Since some films have 2 or 3 directors and 2 countries, I changed the 'director' and 'country' fields type from TEXT to JSONB. I also added the 'poster' field for posters' urls.

After the table creation I inserted the data from the ParserWikiPage variable parser one by one. Then I checked the correctness of insertions.

In [1]:
import requests
from bs4 import BeautifulSoup
import bs4
import warnings
warnings.filterwarnings('ignore')
import re

URL = "https://en.wikipedia.org/wiki/List_of_highest-grossing_films"
HEADERS = {'User-Agent': 'Mozilla/5.0'}

def get_soup(url=None):
    """ Return a parsed tag tree of our Nobel prize page """
    if not url:
        response = requests.get(URL, headers=HEADERS)
    else:
        response = requests.get(url, headers=HEADERS)
    if response.status_code != 200:
        print(response.status_code)
    return BeautifulSoup(response.content, "lxml")

# soup = get_soup()

In [2]:
class ParserWikiPage():
    def __init__(self, main_url: str=None):
        """ Init method.
        Args:
            main_url (str, optional): The default wiki paage with a table and links inside. Defaults to None.
        """
        # during the main page's table parsing keep the links to films, which contain more information about movies
        self.films_urls = []
        if main_url:
            self.URL: str = main_url
        else:
            self.URL: str = URL
        # list of dictionaries, each contains film data (title, revenue, etc.)
        self.films = None

    def parse(self):
        """ Main method. Demosntrates the logic: parse the main page first,
            extract films' urls from it, and parse each film separately."""
        self.parse_main_page()
        self.parse_films()
        

    def find_table(self, url: str=None, table_class: str='wikitable') -> bs4.element.Tag:
        """ Method for finding desired tables on the page
        Args:
            url (str, optional): url of a page containing a table. Defaults to None.
            table_class (str, optional): the 'name' of a searched table. Defaults to None.
        Returns:
            bs4.element.Tag: element <table> is returned.
        """
        # if no url and table class => use defauld settings:
        # url = URL — base page with table of movies;
        # table_class='wikitable' — table on the page
        if not url:
            soup = get_soup(self.URL)
        else:
            soup = get_soup(url)

        # find and return the desired table
        table = soup.find('table', {'class':table_class})
        return table
    
    
    def parse_main_page(self, ) -> None:
        """ Method for parsing the main page.
            1) find the table
            2) split the table by rows (extract all <tr> elements), each row = a film
            3) parse each row (except the heading) - extract values: 
            3.1) find all table data <td> elements (table cells)
            3.2) each <td> contains <th> - cell with film name (and film link but it is parsed separately)
            3.3) assign values rank, peak, etc. (separate <td> elements)
            4) parse values separately:
            4.1) extract film title and get rid of some extra symbols
            4.2) parse peak: get rid of <sup> elements using regex (because it was extracted as text from a cell)
            4.3) compile the film url
            4.4) turn revenue (box_office) into a number
            5) form the dictionary
        """
        # 1) and 2) steps
        films_rank_table = self.find_table(self.URL, 'wikitable')
        rows = films_rank_table.find_all('tr')[1:]
        films = []
        # 3)
        for row in rows:
            tds = row.find_all('td')  # table data
            film_field = row.select_one('th')
            rank, peak, box_office, year = tds[0].text.strip(), tds[1].text.strip(), tds[2].text.strip(), tds[3].text.strip() 
            
            # 4)
            name = film_field.text.strip()
            acceptable_smbols = '012345678 .:&–'
            name = ''.join([symbol for symbol in name if symbol.isalpha() or symbol in acceptable_smbols])

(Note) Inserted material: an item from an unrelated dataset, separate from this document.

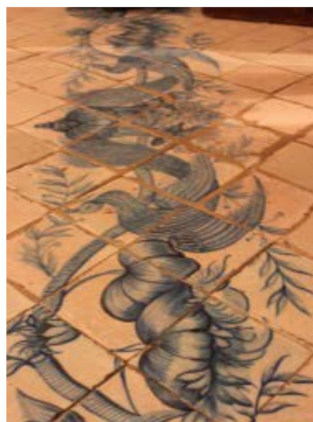
Figura 4. Detalle cerámica, habitación principal

            peak = re.sub(r'[A-Z]+\d?', '', peak)

            film_url = "https://en.wikipedia.org/" + row.find('i').find('a').get('href')
            self.films_urls.append(film_url)
            
            
            box_office = re.findall('\$.{0,20}', box_office)[0]
            box_office = int(re.sub(',', '', box_office[1:]))
            
            # 5)
            films.append({
                'name':name,
                'year':int(year),
                'rank':int(rank),
                'peak':int(peak),
                'revenue':box_office,
                'wiki_page': film_url,
            })
        self.films = films
    

    def parse_films(self) -> None:
        """ Method for parsing each film separately.
            self.films - list of dictionaries
            Use of self.parse_film_page()
        """  
        for film in self.films:
            film['director'] = []
            film['country'] = []
            film['poster'] = None
            url = film['wiki_page']
            self.parse_film_page(url, film)


    def parse_film_page(self, url:str, film: dict) -> None:
        """ Method for parsing a film page.
        Args:
            url (str): film url
            film (dict): dictionary of already collected data for a film (from the main page)
        """
        # find the table 'infobox vevent' on the page (a column on the right side of a page)
        # and split it into rows (get rid of the 1st one containing film name)
        film_info = self.find_table(url, 'infobox vevent')
        rows = film_info.find_all('tr')[1:]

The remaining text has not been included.